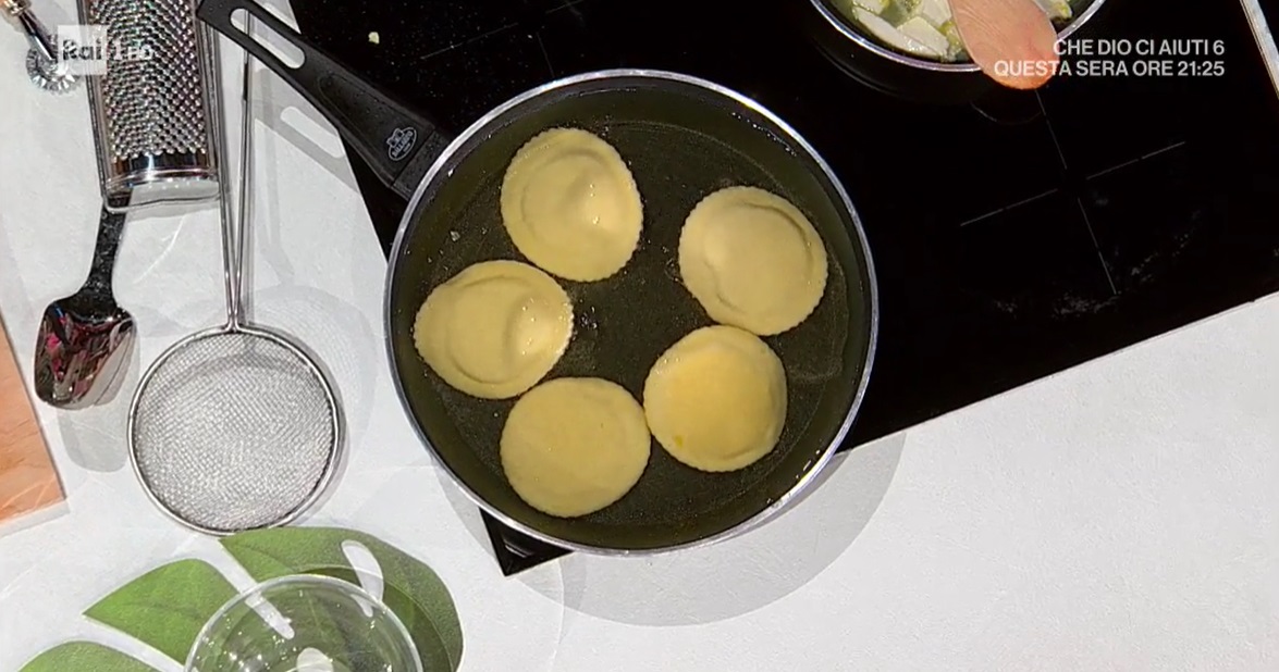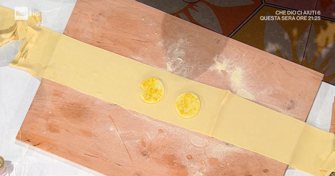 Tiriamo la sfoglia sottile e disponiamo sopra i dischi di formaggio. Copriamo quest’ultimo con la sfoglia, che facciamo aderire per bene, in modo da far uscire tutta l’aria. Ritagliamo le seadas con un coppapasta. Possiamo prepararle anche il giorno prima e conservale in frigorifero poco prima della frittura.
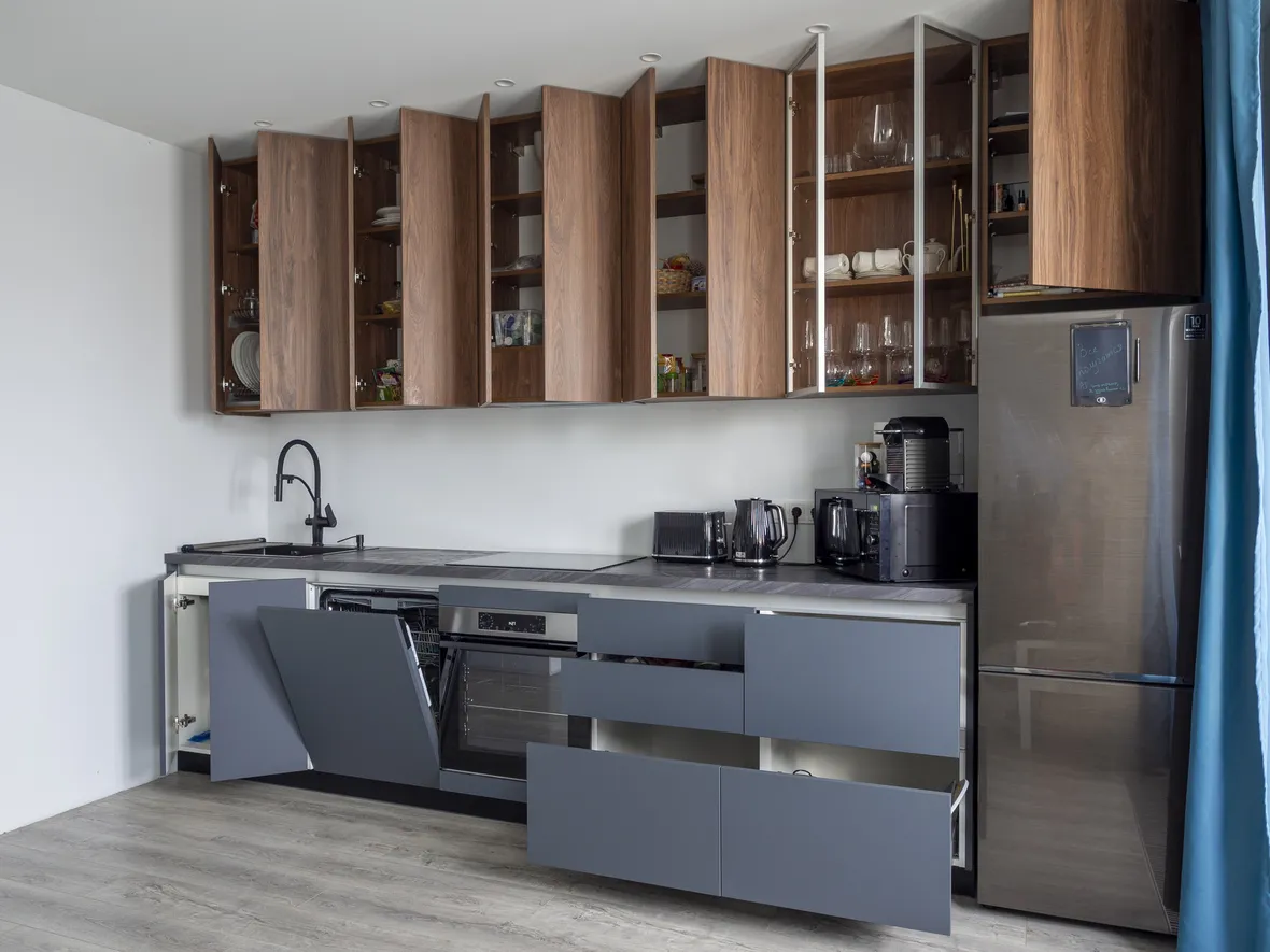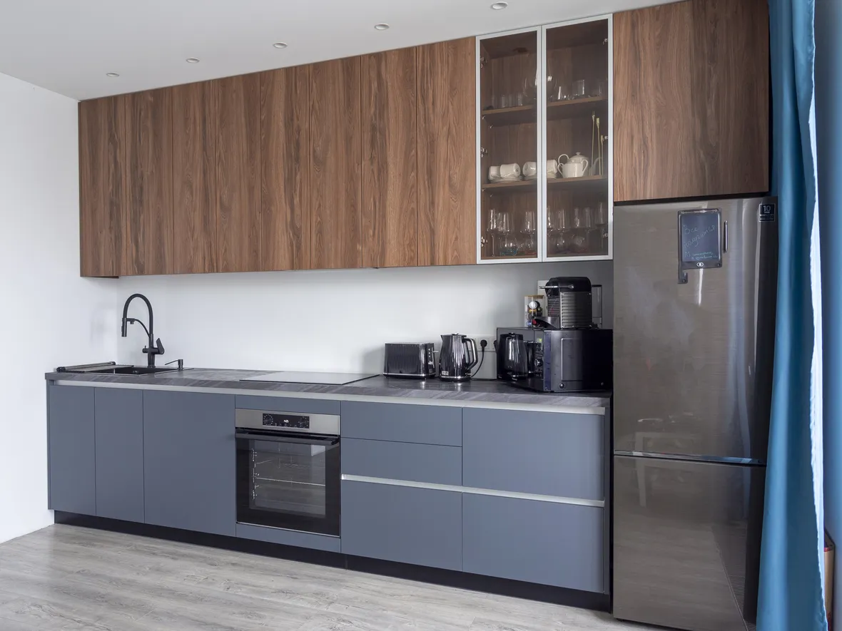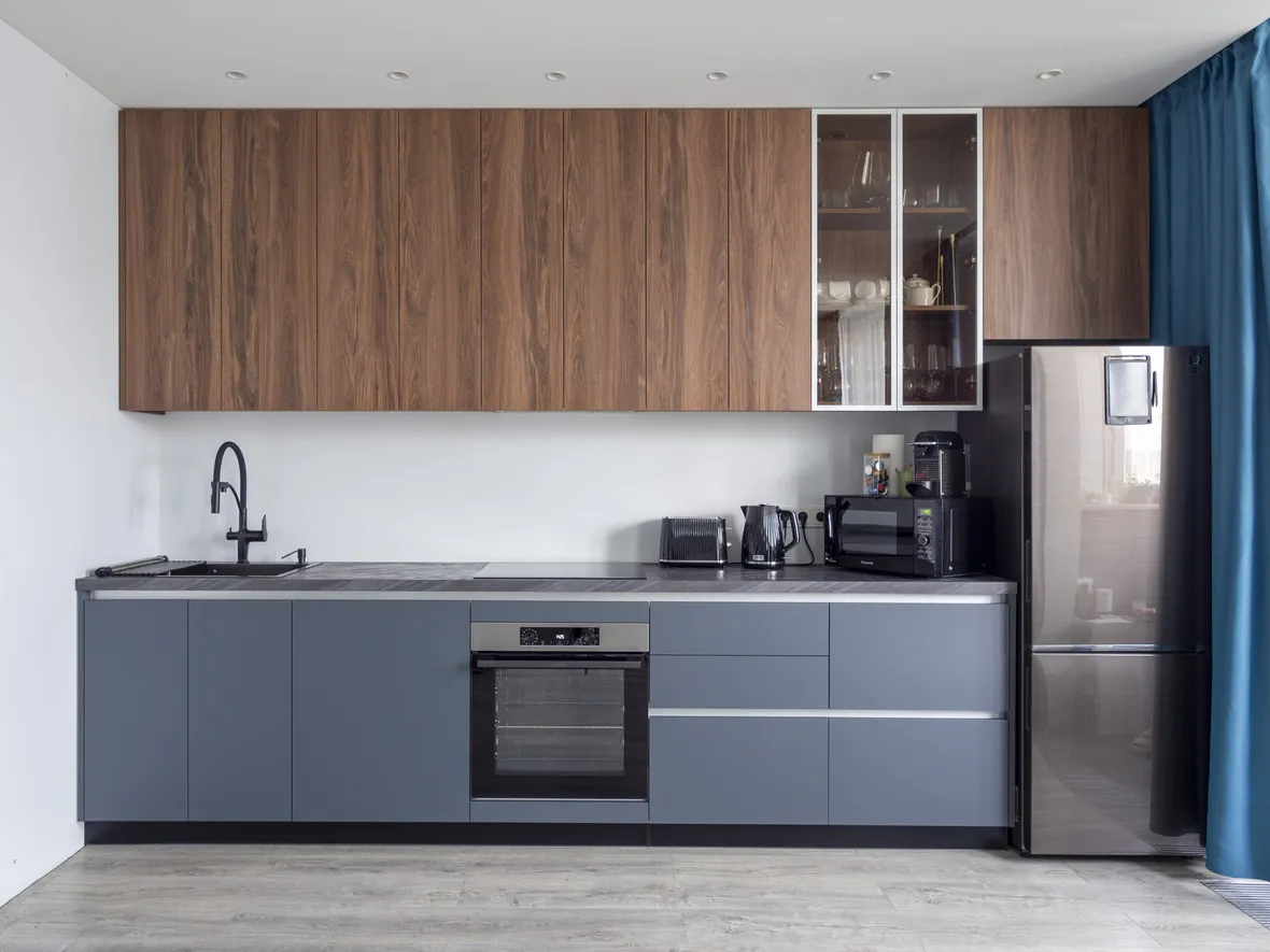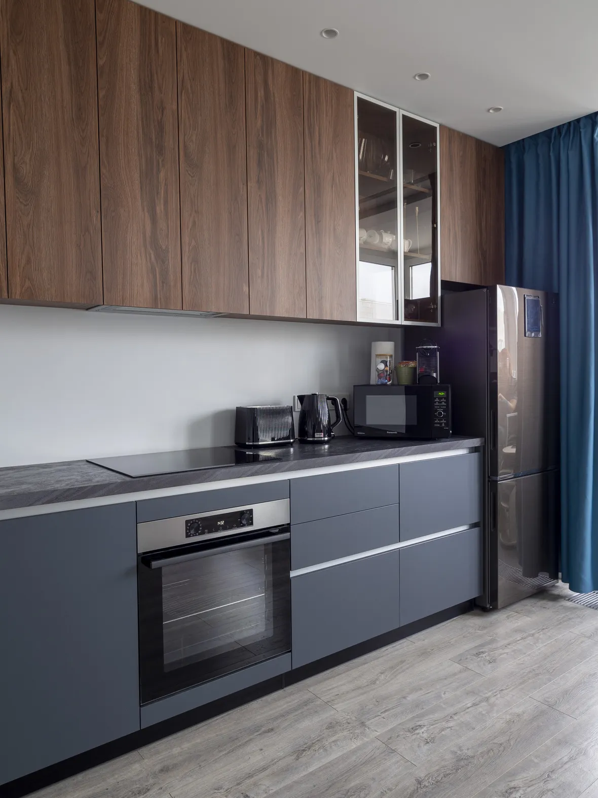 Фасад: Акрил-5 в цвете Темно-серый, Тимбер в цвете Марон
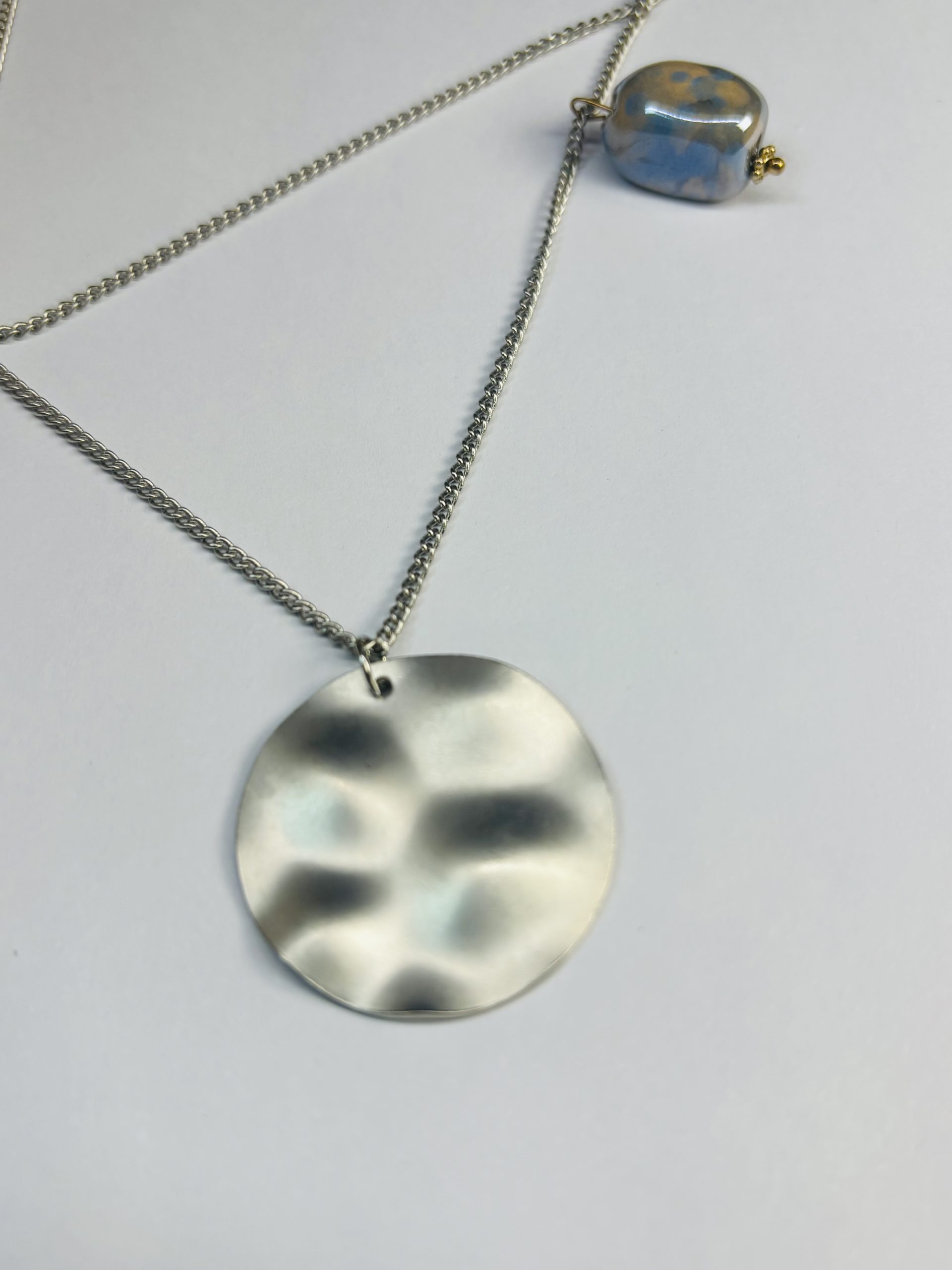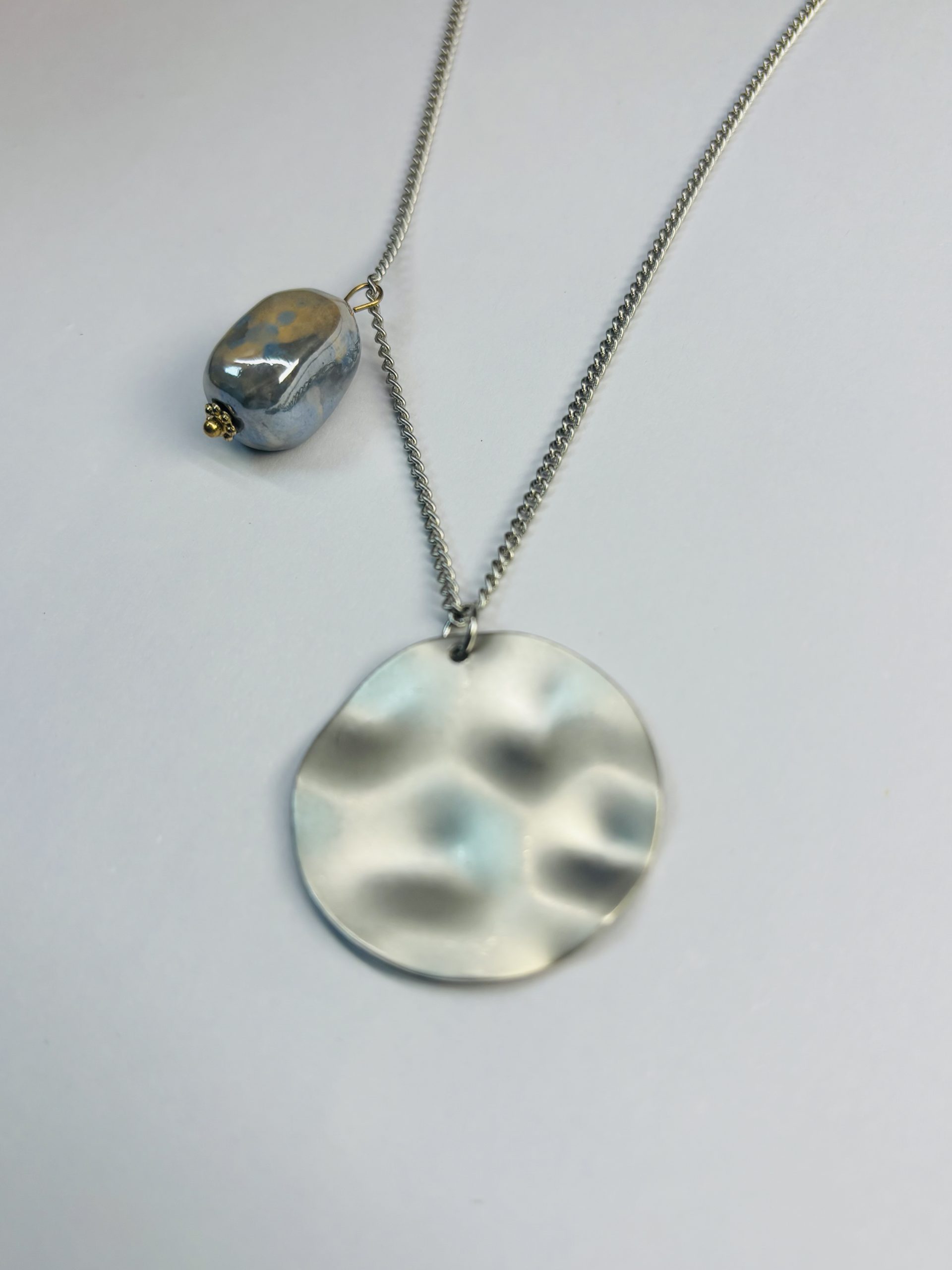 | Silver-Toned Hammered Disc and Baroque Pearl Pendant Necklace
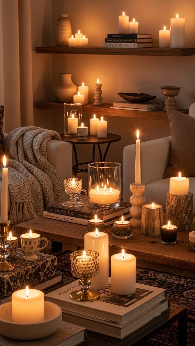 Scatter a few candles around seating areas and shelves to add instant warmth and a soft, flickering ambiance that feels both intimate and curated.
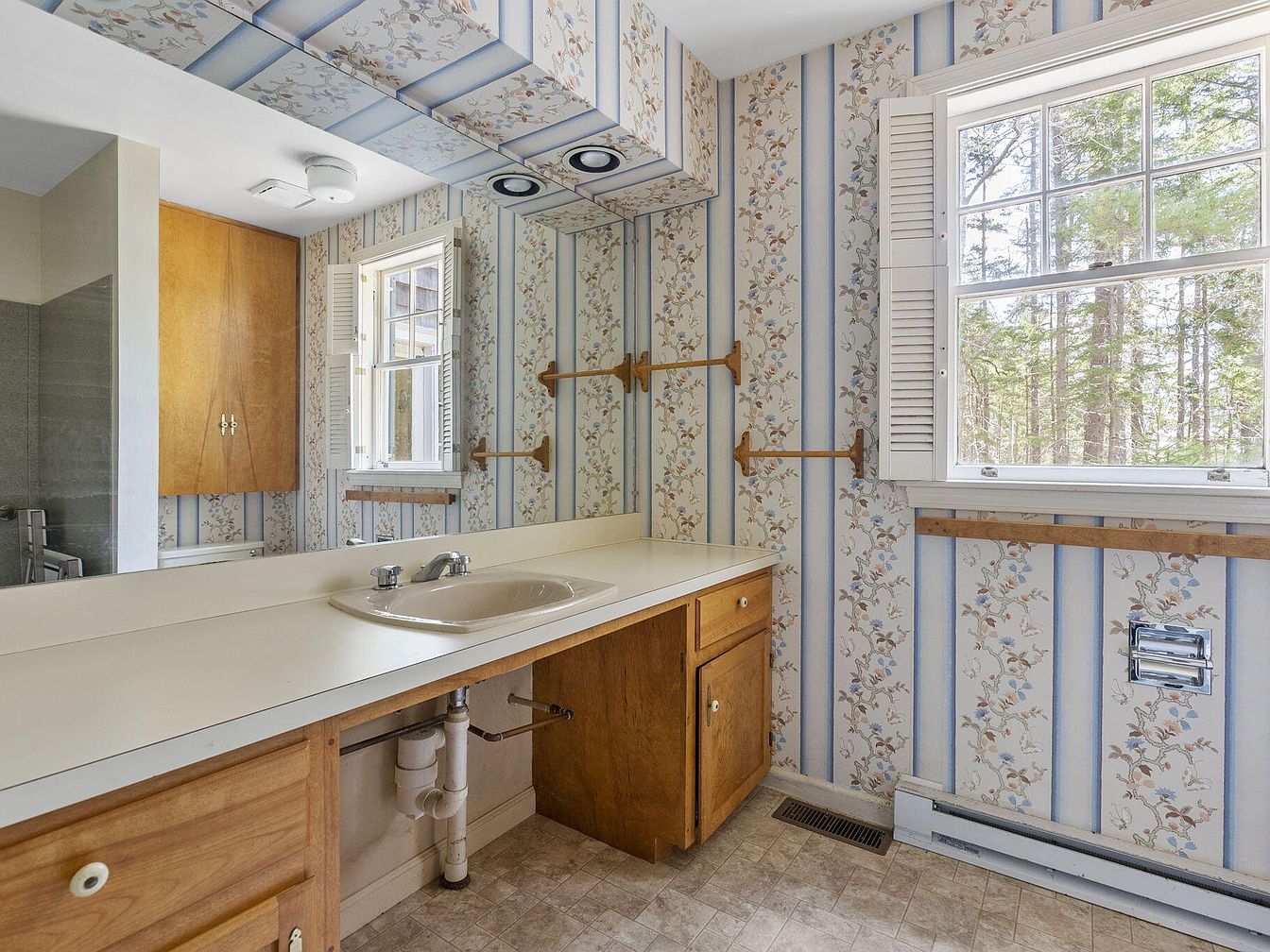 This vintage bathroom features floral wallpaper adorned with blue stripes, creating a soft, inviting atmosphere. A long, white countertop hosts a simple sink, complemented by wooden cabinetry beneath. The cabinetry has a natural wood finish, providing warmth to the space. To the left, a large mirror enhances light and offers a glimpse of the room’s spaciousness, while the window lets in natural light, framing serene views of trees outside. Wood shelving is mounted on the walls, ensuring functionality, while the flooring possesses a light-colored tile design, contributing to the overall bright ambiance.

+===+

▶ _INSTRUCTIONS TO FOLLOW_
Among the entries above, take the lines from the one with "Pearl Pendant Necklace" through the one with "Scatter a few" and retype them exactly, leaving out the pictures.

▶ _ANSWER FOR THIS EXERCISE_
 | Silver-Toned Hammered Disc and Baroque Pearl Pendant Necklace
 Scatter a few candles around seating areas and shelves to add instant warmth and a soft, flickering ambiance that feels both intimate and curated.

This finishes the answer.